Second aspect, this application provides a kind of short text treating apparatus, comprising: the first acquisition module, for obtaining the first short text set, and carries out pre-service to described first short text set; Processing module, for based on pretreated first short text set, drive and perform following treatment step with lower unit: training unit, for using described pretreated first short text set training topic model LDA, obtain the theme probability distribution of each short text in described first short text set; Cluster cell, for carrying out cluster to described theme probability distribution, determines the subject categories of each short text in described first short text set.

The short text disposal route that the application provides and device, first pre-service can be carried out to the first short text set obtained, then the data after utilizing process carry out topic model LDA training, to obtain the theme probability distribution of each short text in set, finally cluster is carried out to theme probability distribution, just can determine the subject categories of each short text.Obtain the distribution situation of theme probability by first carrying out topic model training, more further to theme probability distribution cluster, the subject categories for distinguishing short text type can be obtained, thus quick, the Accurate classification to Massive short documents notebook data can be realized.

Accompanying drawing explanation

By reading the detailed description done non-limiting example done with reference to the following drawings, the other features, objects and advantages of the application will become more obvious:

Fig. 1 is the process flow diagram of an embodiment of the application's short text disposal route;

Fig. 2 is the process flow diagram of another embodiment of the application's short text disposal route;

Fig. 3 is the functional module construction schematic diagram of an embodiment of the application's short text treating apparatus;

Fig. 4 is the functional module construction schematic diagram of another embodiment of the application's short text treating apparatus;

Fig. 5 is the structural representation of the computer system be suitable for for the terminal device or server realizing the embodiment of the present application.

Embodiment

Below in conjunction with drawings and Examples, the application is described in further detail.Be understandable that, specific embodiment described herein is only for explaining related invention, but not the restriction to this invention.It also should be noted that, for convenience of description, in accompanying drawing, illustrate only the part relevant to Invention.
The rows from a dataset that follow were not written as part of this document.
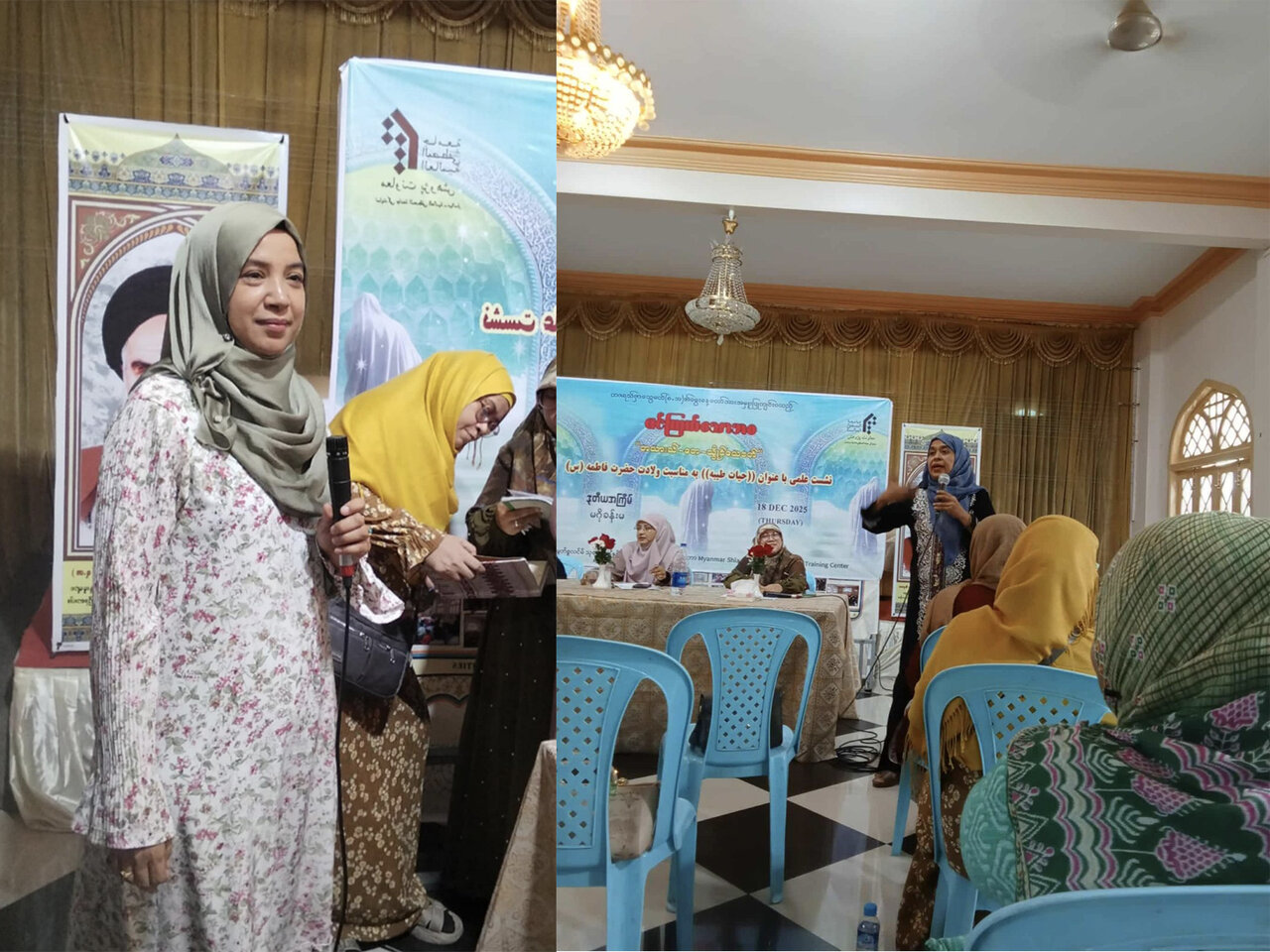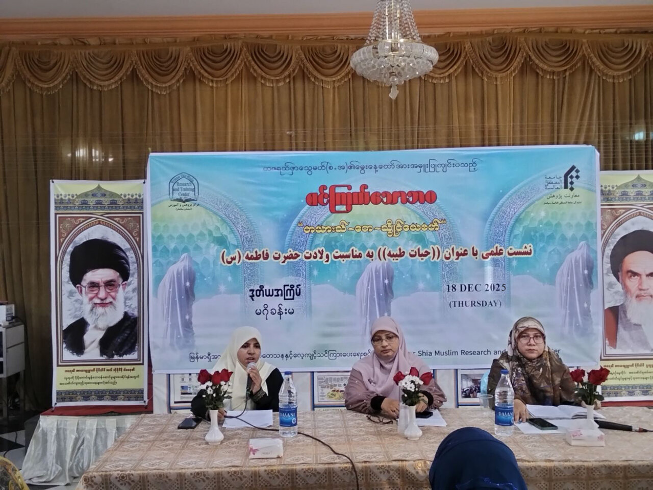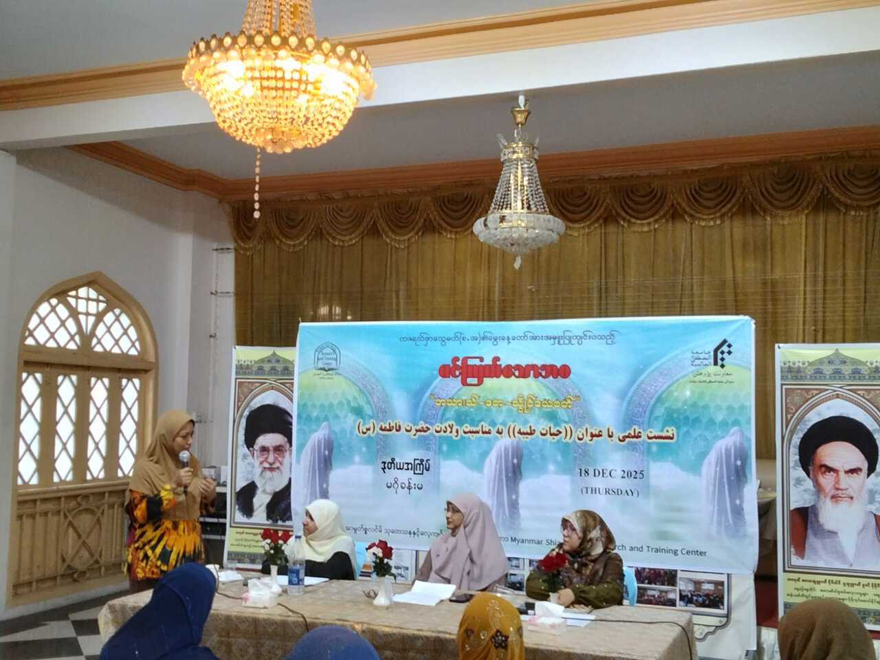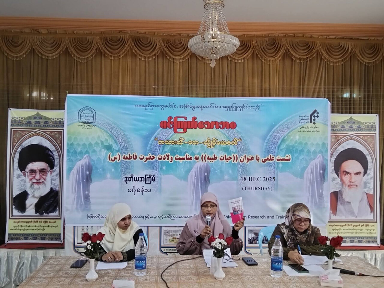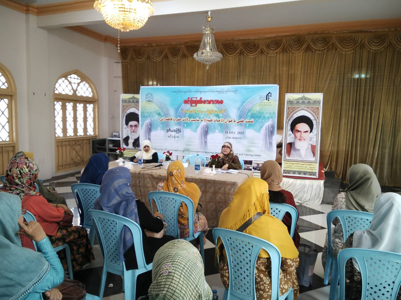 AhlulBayt News Agency: On the occasion of the birth anniversary of Hazrat Fatima Zahra (S.A), a literary discussion titled “Hayat-e-Tayyeba” (The Pure Life) was held on Thursday, 18 December 2025, at Maghosi Ajma Mosque in Yangon under the supervision of the Myanmar Shia Muslim Research and Training Center. The event was moderated by Alima Zainab Madina Baik, Deputy Director of Training at the Myanmar Shia Muslim Research and Training Center, who also delivered the opening speech. The discussion focused on “Fatima Zahra (PBUH) as a Role Model for Today’s Muslim Women.”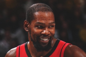 賽后火箭官方曬出本場(chǎng)贏球海報(bào),封面人物是杜蘭特。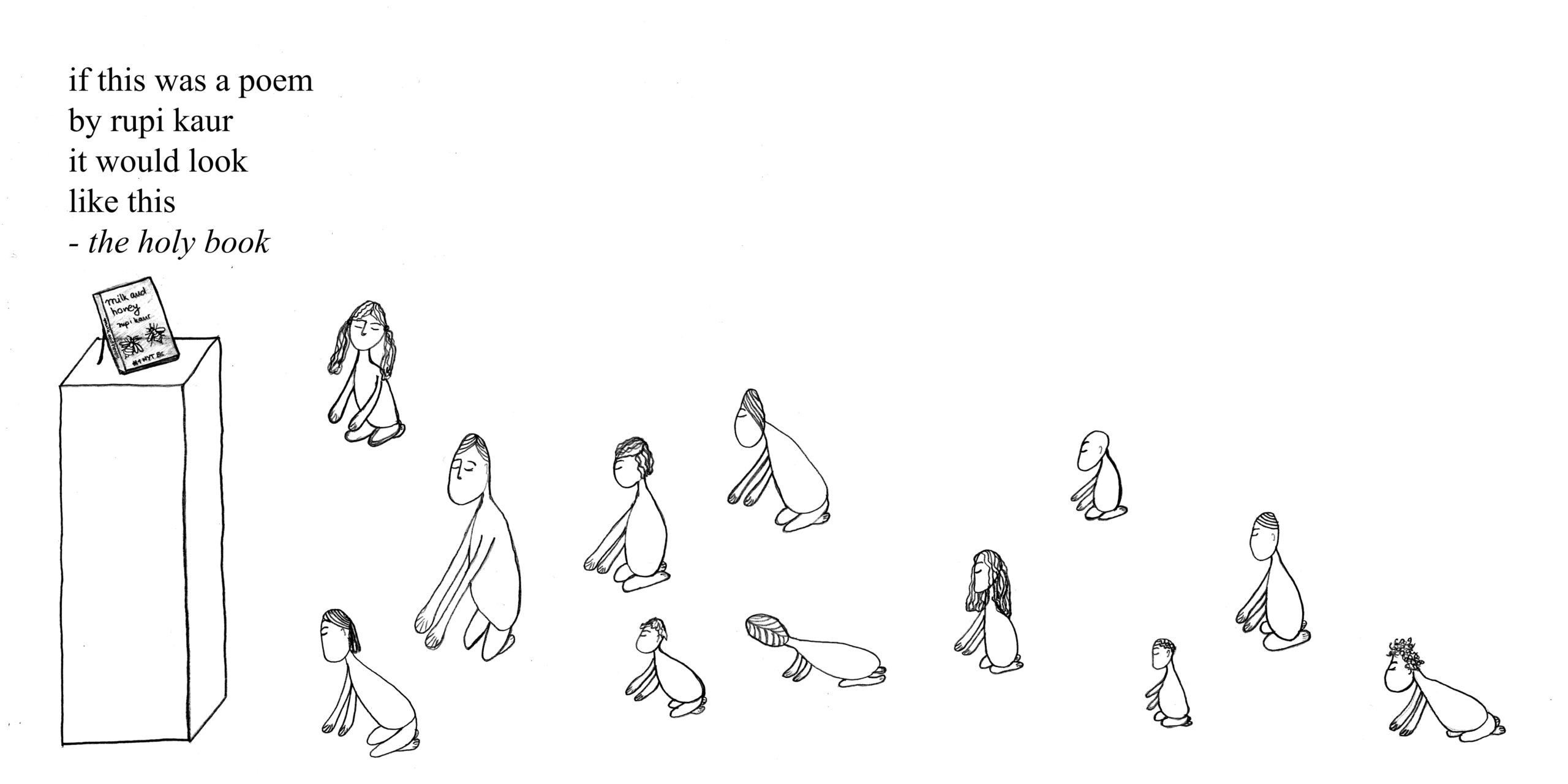 Während soziale Medien die Dolce Vita-Momente des Lebens zeigen, erzählen Kaurs Kleinbuchstaben von sexueller Gewalt, Selbstliebe und Herkunft. In ihrer Lyrik inszeniert sie sich als Leidende und Heilende zugleich. Sie ist der feministische Jesus des Instagramkults: Gelitten unter dem Patriarchat, zensiert, hinabgestiegen in das Reich der Depression, auferstanden – und so weiter. Oder in Kaurs Worten: „i’ve been hunted. killed. and walked back to earth.“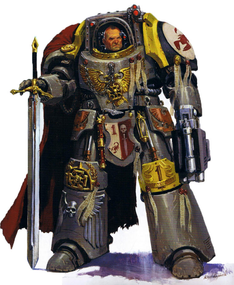 A legendary High-Commander of the Red Scorpions, he would later fall in battle during the Indomitus Crusade and be interred within a Relic Dreadnought Chassis. Known now as "The Risen", his focus on purity and hatred of the mutant has only increased.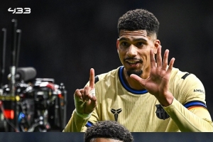 阿勞霍此役為巴薩頭球破門,他進(jìn)球后做出6號手勢致意加維,后者接受膝蓋手術(shù)將長期缺席。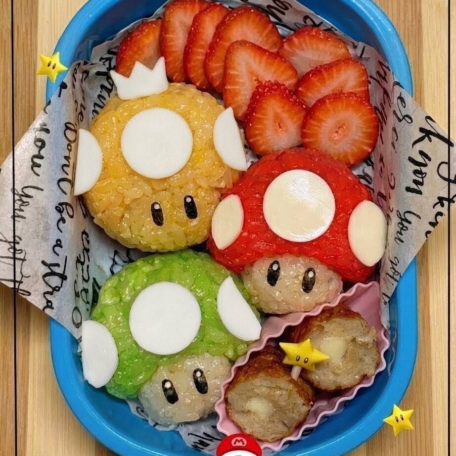 3 Pzas. de onigiri tematico c/queso 1 Porcion de fresas 2 Kushiagues de queso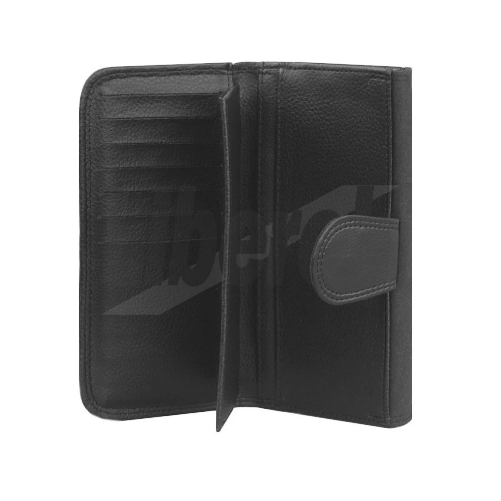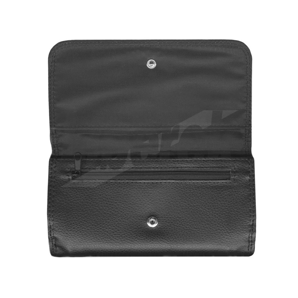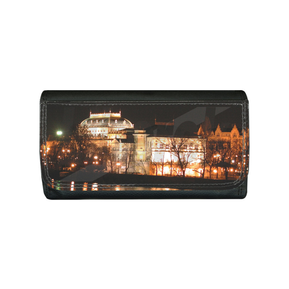 Peněženka z umělé kůže s čelní bílou plochou (PE) na potisk. Peněženka má přední část s uzávěrem na patent pro bankovky a zip na mice. Zadní část na patent má více přihrádek na bankovky, karty, viz. obr.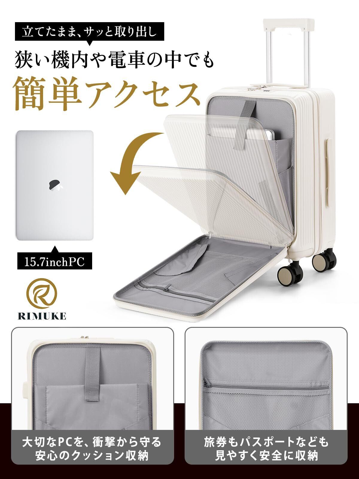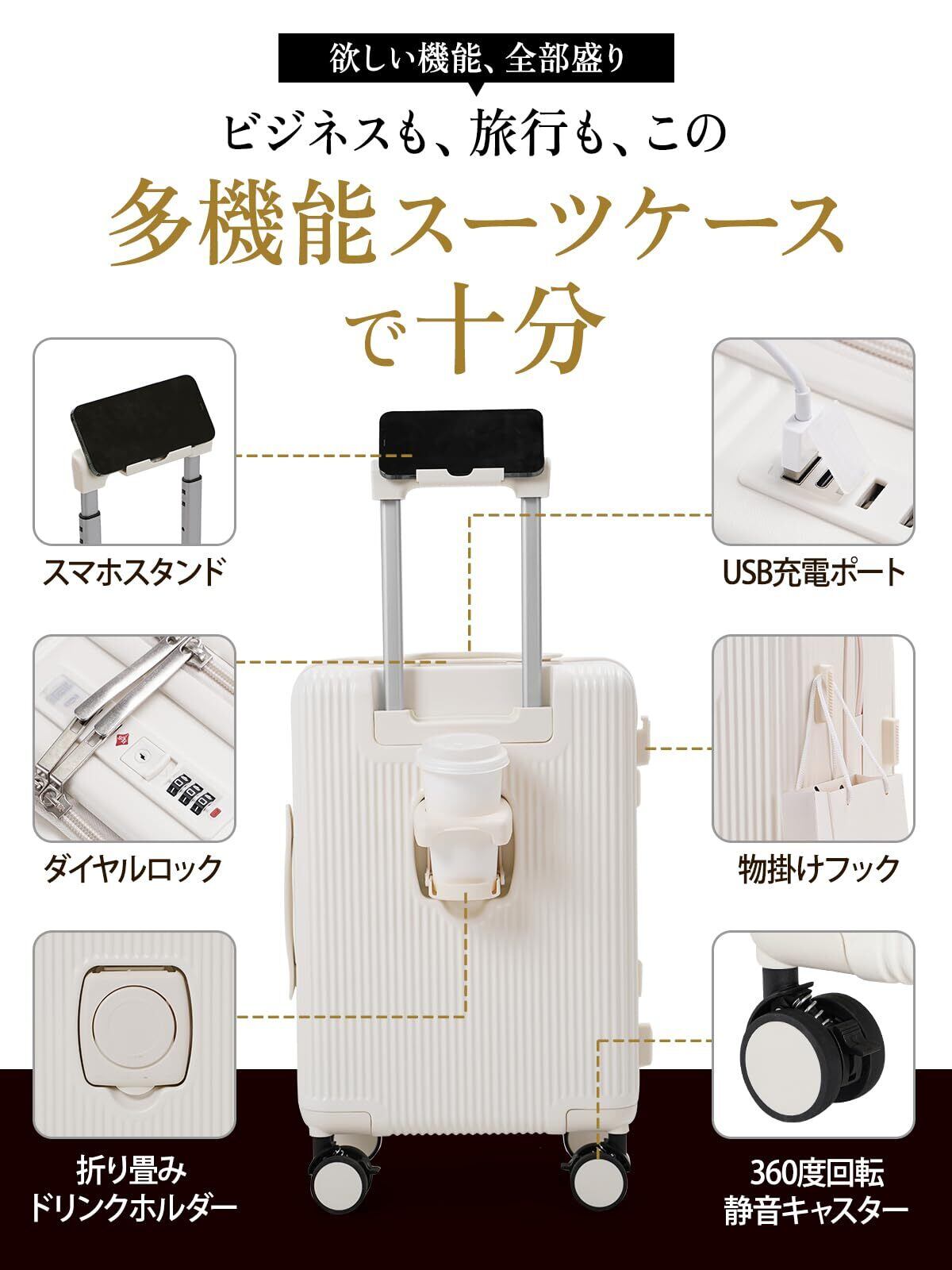 【数量限定】前開き スーツケース 機内持ち込み キャリーケース パソコン収納ポケット USBポート付き カップホルダー付き キャリーケース 超軽量 360度回転 耐衝撃 ック 静音 旅行 ビジネス 出張 1泊2泊3泊 ホワイト, Sサイズ/機内持込 (41L容量)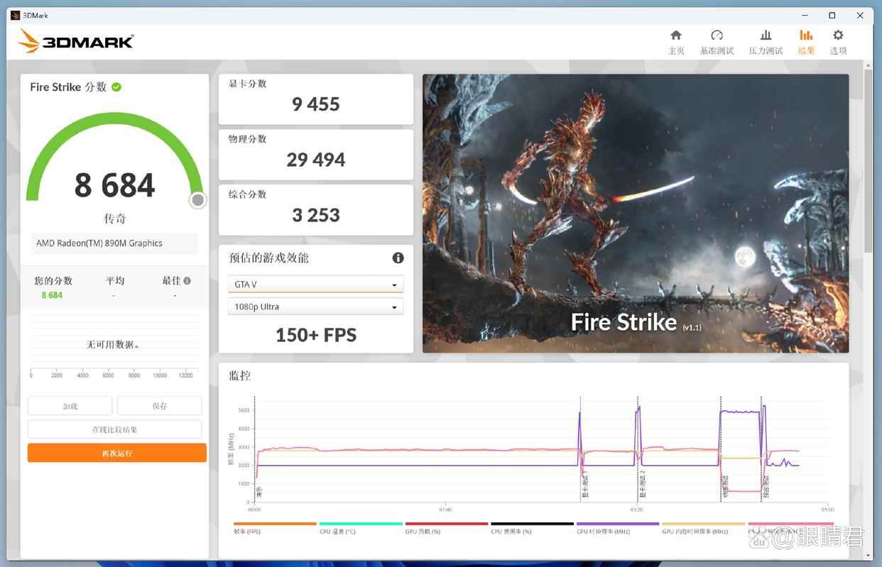 核顯性能測試,針對DX11性能的Fire Strike測試中得分8684分,其中顯卡得分9455,《GTA V》游戲預估在1080P下能獲得150+FPS的幀率表現(xiàn)。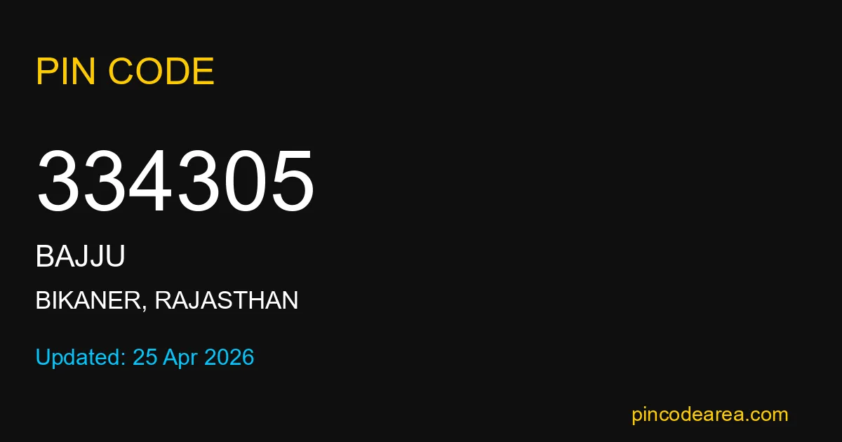 If you are searching for accurate location details, 334305 helps identify the exact postal region of Bajju in Rajasthan.

It should be noted that, when not conflicting, the embodiment in the application and the feature in embodiment can combine mutually.Below with reference to the accompanying drawings and describe the application in detail in conjunction with the embodiments.

Please refer to Fig. 1, it illustrates the flow process 100 of an embodiment of the application's short text disposal route.The present embodiment is mainly applied in this way in the server of short text application platform and illustrates, the short text disposal route of the present embodiment, comprises the following steps:

As shown in Figure 1, in a step 101, obtain the first short text set, and pre-service is carried out to the first short text set.

In the present embodiment, server by various wired or wireless mode, can obtain the short text information that user inputs in client.First short text set can be the method for first Application the present embodiment when processing a certain class short text usually, the set of obtainable short text composition.Such as, when needing to process the field feedback of some application, can using user for all suggestion feedbacks of this application as the first short text set.Alternatively, also can obtain the feedback opinion of within a period of time (as in a year) as the first short text set, thus remove those ageing poor short text data.After getting the first pending short text set, first can carry out pre-service to it, to improve efficiency and the accuracy of subsequent treatment.

In an optional implementation of the present embodiment, above-mentioned pre-service comprises carries out invalid data filtration, removal stop words, stem extraction and numbering to each short text in short text set.It can be filter short text data that invalid data filters, remove wherein invalid short text information, such as text size is lower than 3 characters or with attempting the short text attacking the features such as SQL (StructuredQuery Language, Structured Query Language (SQL)) statement.Specifically can judge whether a short text belongs to invalid data by decision tree.After filtering out the invalid data in the first short text set, conventional segmenting method can be used, as the segmenting method based on string matching, word is cut to remaining short text, then removing wherein expresses the meaning is worth lower stop word and stop words, such as " ", " " etc.Then, can stem extraction be carried out, namely the same section in the different terms of same stem synonym be extracted, thus the low word of value can be rejected further on the impact of whole short text kind judging.Finally, in the first short text set after can extracting stem, the word that occurred of institute carries out a secondary index, is each word and gives one and number or No. ID, so that subsequent calculations.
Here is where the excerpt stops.